Gettting to Puerto Princesa, Palawan via Iloilo with stopover at Cuyo Island
If there is any Philippine destination that can be truly called a “tropical paradise,” it is Palawan. Sparkling emerald waters. Fine white beaches. Spectacular marine life. Postcard-perfect destinations. A long strip of land, the South China Sea laps Palawan at the western coast and the Sulu Sea at the east.

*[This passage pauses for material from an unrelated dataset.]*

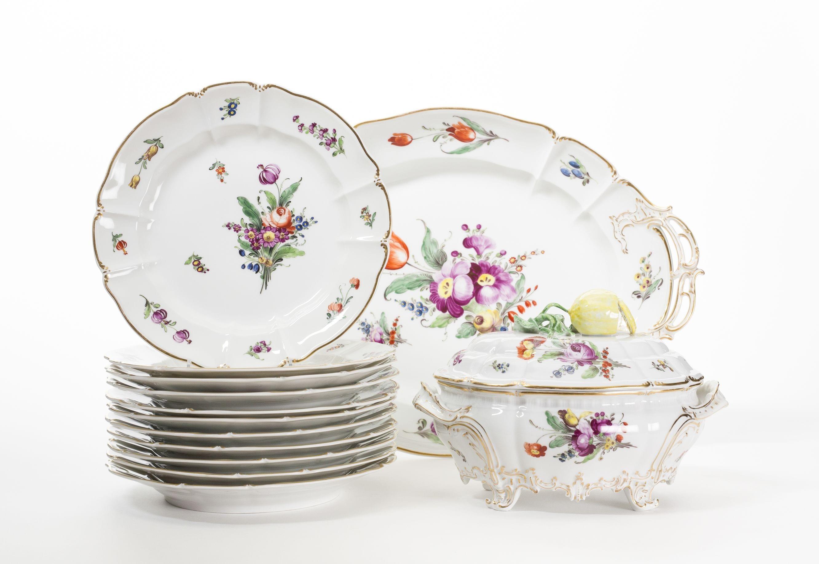 Meissen, porcelaine, circa 1735, comprenant: théière boule, choc...

Pressed between two regional waters, not for nothing why this southwesternmost island province has been shaped into spectacular nature sights that amount to no less than an out-of-this-world quality. From the Calamian islands at the northern fringe, down to the Balabac-Bugsuk islands at the southern tip, virtually every part of Palawan is fit for a tropical hideaway.
A quick approach to Palawan is by air. A daily early morning flight leaves Manila and arrives at Puerto Princesa, Palawan’s largest city, in 45 minutes.
But coming from the Visayan island of Panay presents different sights that come with different experiences. A roll-on roll-off (RORO) ferry from Iloilo City sails to Puerto Princesa in a 36-hour ride.
What’s interesting about this route is that it leaves Iloilo’s Port Milagrosa at Lapuz village after dark, crosses the Sulu Sea, and makes a stopover halfway the next day at the little-known Cuyo island. Boat ticket costs around Php 1,070 plus terminal fees.
The boat leaves Iloilo at 6 pm. After 14 hours at sea, it makes a 6-hour pit stop at the charming Cuyo island to unload and reload passengers and cargoes. The boat lifts anchor at 3 p.m.
Cuyo is composed of 45 scattered islets. It has been the capital of Palawan from 1873 to 1903. For nearly 300 years, Cuyo and the rest of the Palawan islands have been a constant prey to Southeast Asian slave raiders. Balabac island, Palawan’s southernmost island, is right next to Borneo. Until the Spanish in Manila found the money to purchase 3 steamships from England around 1845 that outsailed the fast pirates’ sailboats. After two years of reconnaissance, the Spaniards finally crushed the pirates’ fortresses at the Sulu archipelago in 1848.
Hence, Cuyo’s church is unique. It is a fortress walled by massive stones and parapets. The proliferation of saintly statues up the wall and about the plaza imply the deep-seated desire of the colonizers to be saved from Moro predations in this God-forsaken outpost.
It takes half an hour to walk around this fishing town. The wooden houses are painted with bright colors. Some stood delicately over stilts. The beaches are pristine. Sun yourself at Quijano or Capusan beaches. Tabunan Beach has a walkway of neatly compacted sandstones. Meals of grilled fish and seafood can be had along the beach. High-end Amanpulo Resort is located at Pamalican Island around here.
The next ride to Puerto Princesa is longer. After 16 hours, the city’s belfry, buildings and houses appear densely stacked up amid lush mountains under the midday the sun.
The air approach looks nearly the same. Mountains and lush vegetation looms over the city’s airport. You immediately get the feeling that civilization meets the wilds here. There are no cabs around except the ubiquitous trikes that charge Php 50 for a ride downtown. But actually, downtown is just a 15-minute walk from the airport.